# Strange V58 error problem



## overFEDEXed

Yesterday I turned in one of my three Cox Cablecards. I sold the unit and no longer needed it so...a big $2 a month savings.

Anyway, today my Elite started giving me the "Channel not authorized, V58" message, along with a black screen. A reboot fixed the problem, but only for a couple of hours. 

I called the 800 number for Cox cablecard activation. I explained to the rep my problem and told him that I had just turned in a CC, the day before. I asked him was it just a coincidence.
He said "I see the problem. The card that you turned in was the number one card of the three". I think that he called it a Lead card. He switched the number three card to number one and it fixed the error instantly. 

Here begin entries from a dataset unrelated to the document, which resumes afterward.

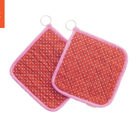 Sættet indeholder to kvadratiske grydelapper og en ovnhandske. Grydelapperne har en blomstret design i lyserød og lilla nuancer. Ovnhandsken er dekoreret med mariehøne-motiver. Begge dele er quiltet for ekstra beskyttelse og kommer med praktiske stropper til ophæng.
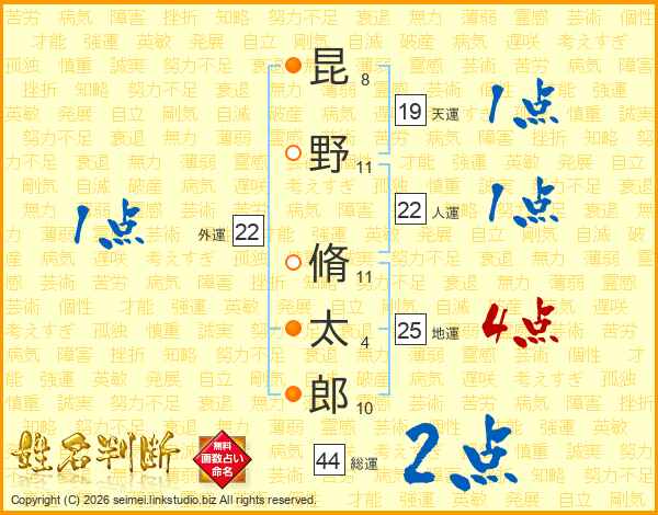 昆(8画)野(11画) 脩(11画)太(4画)郎(10画)
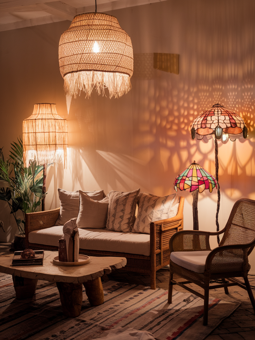 Lighting in a Bohemian living room is not just about function, it is about creating a mood. Instead of a standard overhead light, bring in a couple of floor lamps with unique bases or shades. Think carved wood, woven rattan, or colorful stained glass. These add character while casting a warm, soft glow that makes the room feel cozy and relaxed. Plus, the flexibility of movable lighting means you can easily change up your space without drilling new holes in the ceiling.
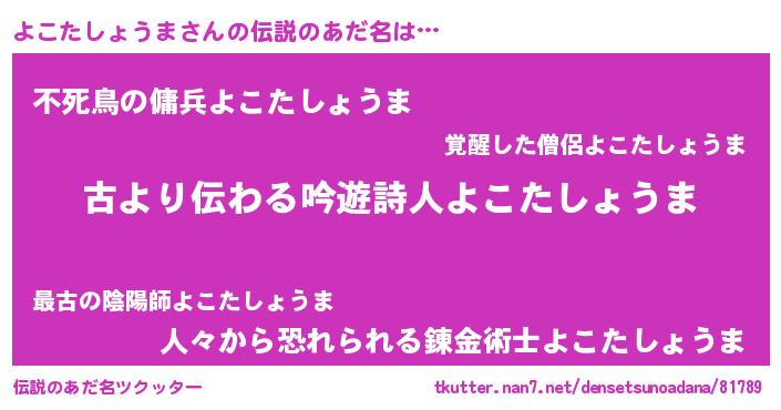 | 意味不明あだ名 | 『住所不定無職よこたしょうま(1歳)』 |
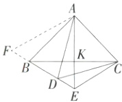 以A为顶点,AE为一边作∠EAF = 60°,AF交DB的延长线于点F,设AE交BC于K,如图,

I have never run into this problem before and I thought that I would pass it on. Honestly, I thought that he just sent a "Hit" to the card, but he said no, he didn't.


----------



## Teeps

Had a v58 error today; no SDV channels.
I did the following:
Rebooted tuning adapter both soft & hard.
Removed and reinserted the cable card.
Restarted TiVo, via menu selection.

Called Time Warner.
They had me:
Reboot tuning adapter:
disconnected power and usb cable.
restored power.
Sent a "Hit" to tuning adapter.
connected usb cable.

Viola! SDV channels restored.


----------



## Dan203

I had something weird happen last night. I was watching Dexter and about 1/2 way through I got horrible pixelation and couldn't watch the show. I figured it was a bad capture so I setup a later recording of the same episode. However I wanted to make sure I wasn't having signal problems so I went to live TV where I discovered I couldn't tuner any channels and got the V58 error. I tried rebooting the TA but it didn't help. So finally I just pulled the plug on the TiVo itself. When it rebooted not only were all the channels working again but the pixelation in Dexter was gone and I was able to watch the rest of the episode without issue. So it seems something was actually so messed up it was causing a problem with playback as well as tuning. Never seen anything like that before.


----------



## XIBM

Dan203 said:


> I had something weird happen last night. I was watching Dexter and about 1/2 way through I got horrible pixelation and couldn't watch the show. I figured it was a bad capture so I setup a later recording of the same episode. However I wanted to make sure I wasn't having signal problems so I went to live TV where I discovered I couldn't tuner any channels and got the V58 error. I tried rebooting the TA but it didn't help. So finally I just pulled the plug on the TiVo itself. When it rebooted not only were all the channels working again but the pixelation in Dexter was gone and I was able to watch the rest of the episode without issue. So it seems something was actually so messed up it was causing a problem with playback as well as tuning. Never seen anything like that before.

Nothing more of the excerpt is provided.